The researchers say that previous attempts to increase the sensitivity of electronic skins has generally meant a corresponding increase in the number of electrodes, thereby also making them more expensive. Some smart skins also need an external power source, which means more wires. Other technologies, such as the Paper Skin, have impressive capabilities, but their lack of transparency limits their potential for use in wearables.
Made of ultra-thin plastic films, the researchers' new skin achieves a touch resolution of 1.9 mm using just four silver-nanowire electrodes and an analog localizing technique. The system also includes a component which creates electric charge through friction in a similar fashion to the University of Wisconsin-Madison's nanogenerator car.
Energy is created through the triboelectric effect, harnessing the electrical charge created when certain materials come into contact with each other, like when you run a comb through your hair. The principle has been used to generate electricity in everything from clothing to touchscreens, and means the smart skin could harvest energy from the movement of prosthetic fingers without the need for external batteries.

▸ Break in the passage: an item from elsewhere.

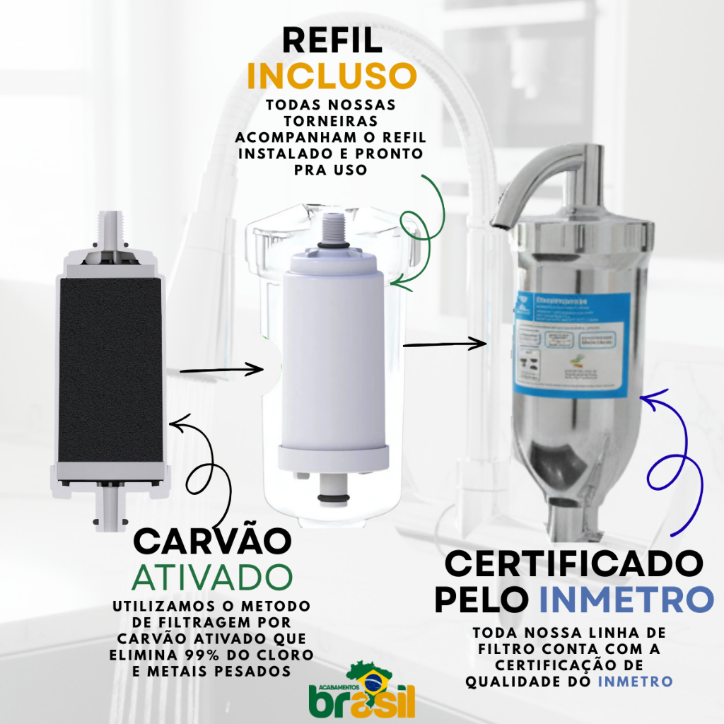 🌟 Torneira Filtro Gourmet 2168 Monoc - ABS de Engenharia | Carvão Ativado Incluso | Design Luxuoso Transforme sua cozinha com a Torneira Filtro Gourmet 2168 Monoc, da linha Luxo da Acabamentos Brasil! Fabricada em ABS de Engenharia, combina alta resistência e um design moderno, com o filtro de carvão ativado incluso para água mais pura e saborosa. ✔ Por que esta torneira é ideal para você? Filtro de carvão ativado incluso: Remove cloro livre, partículas (>15µm) e melhora o sabor da água. Bica alta flexível e arejador duplo: Controle preciso do jato (chuveirinho ou fluxo concentrado) e economia de água. Mecanismo 1/4 de volta: Vedação cerâmica para abertura suave e sem desperdício. Acabamento cromado monoc: Resistente à oxidação e fácil de limpar. ✔ Especificações Técnicas: Material: ABS de Engenharia (antimpacto e durável). Filtro: Vela de carvão ativado já inclusa (vida útil: até 6 meses). Pressão máxima: 40 mca. Dimensões: 26cm (altura) x 24cm (largura) x 14cm (profundidade). ✔ Certificação e Segurança: Certificação OCP TS4 0134: Garante eficiência na redução de cloro e retenção de partículas. Sem eficiência bacteriológica: Recomendado para água já tratada. ✔ Garantia: 12 anos para uso residencial (com nota fiscal). 2 anos para uso coletivo. ✔ Instalação e Manutenção: Compatível com pias/bancadas. Limpeza: Use pano úmido e sabão neutro para preservar o acabamento. torneira filtro cozinha luxo torneira com carvão ativado torneira bica alta flexível torneira 1/4 de volta economizadora

The new smart skin's creators say it's sensitive enough to pinpoint the location and force of an interaction, and can even detect a bee flying toward or away from the surface. It is also electrically stable, with the smart skin subjected to over 30,000 cycles and maintaining the same level of output.
Ultimately, the team suggests their technology could move us a step closer to offering robots and prosthetics with a sense of touch at a reasonable price.